Au bout de quelques conciliabules, le processus de succession finit par accoucher d’un candidat consensuel entre toutes les tendances du pouvoir. Chadli Bendjeddid est élu Président de la république en 1980. Il aura la lourde charge de sortir le pays de cette crise multiforme qui le caractérise depuis la fin des années 1970. Car, à l’évidence, la stratégie de développement avait échoué et la population était toujours privée de ses libertés. Malgré ce constat, au début des années 1980, dans les cercles du pouvoir, d’aucuns continuaient de croire qu’on pouvait encore colmater les brèches et sortir de la crise sans rien changer au système. Pour relancer la machine économique et assurer la paix sociale, il suffirait, selon eux, de restructurer les grandes entreprises économiques publiques et d’inonder le marché grâce à des programmes anti-pénuries financés par la rente pétrolière. Aussitôt dit, aussitôt fait.
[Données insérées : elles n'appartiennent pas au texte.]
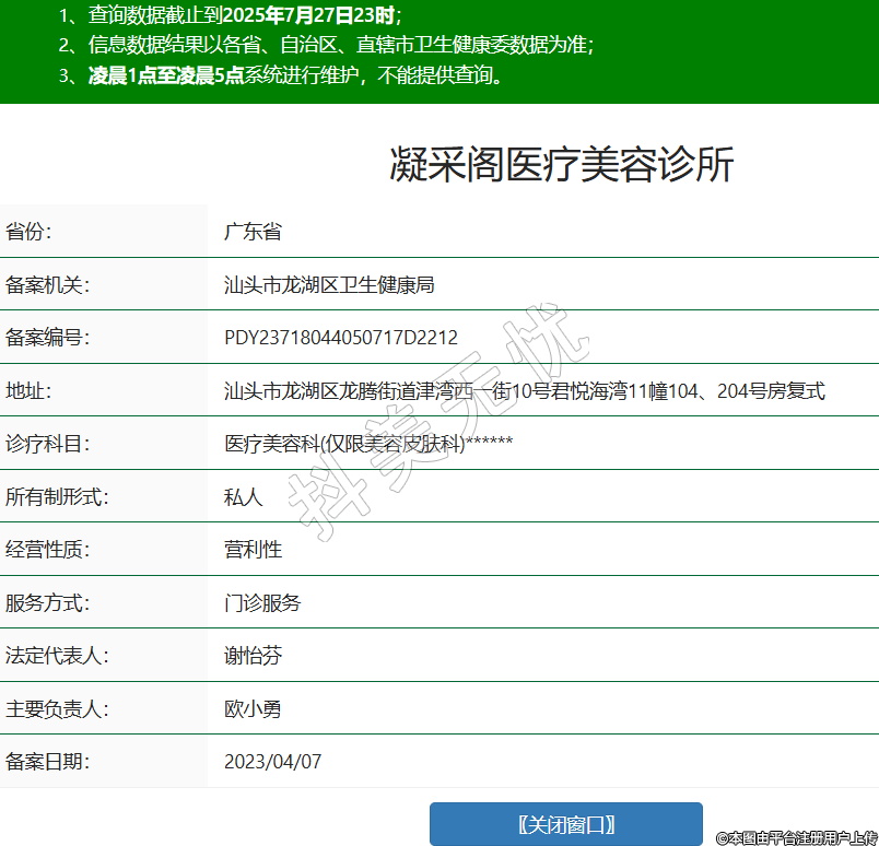 省份:廣東省備案機(jī)關(guān):汕頭市龍湖區(qū)衛(wèi)生健康局備案編號:PDY23718044050717D2212地址:汕頭市龍湖區(qū)龍騰街道津?yàn)澄饕唤?0號君悅海灣11幢104、204號房復(fù)式診療科目:醫(yī)療美容科(僅限美容皮膚科)******所有制形式:私人經(jīng)營性質(zhì):營利性服務(wù)方式:門診服務(wù)法定代表人:謝怡芬主要負(fù)責(zé)人:歐小勇備案日期:2023/04/07 -

Las, au lieu d’arriver aux résultats escomptés, la contestation se multiplia et se diversifia. Le « Printemps berbère » de 1980, brutalement réprimé11, raviva la question linguistique et identitaire du peuple algérien ; les manifestations contre le Code de la famille de 1984, qui accordait une place outrageuse aux revendications islamistes, en faisant notamment de la femme une mineure à vie, reposèrent la question fondamentale de la place et du rôle de la femme dans la société algérienne ; les cadres gestionnaires, lors des conférences nationales du développement, mirent au jour l’incontournable réforme du système économique et exigèrent davantage d’autonomie pour des entreprises publiques à bout de souffle ; l’activisme jusque-là verbal des islamistes, galvanisé par le succès de la révolution iranienne de 1979, se multiplia dans les mosquées et les premières escarmouches armées se substituèrent au combat politique. La situation devint plus explosive lorsque les prix pétroliers s’effondrèrent en 1986, mettant au jour l’extrême dépendance du pays aux ressources en hydrocarbures et le niveau exorbitant de la dette extérieure du pays. Presqu’en faillite, le pays sombra alors dans toute une série de luttes politiques plus ou moins visibles, particulièrement au sein du pouvoir.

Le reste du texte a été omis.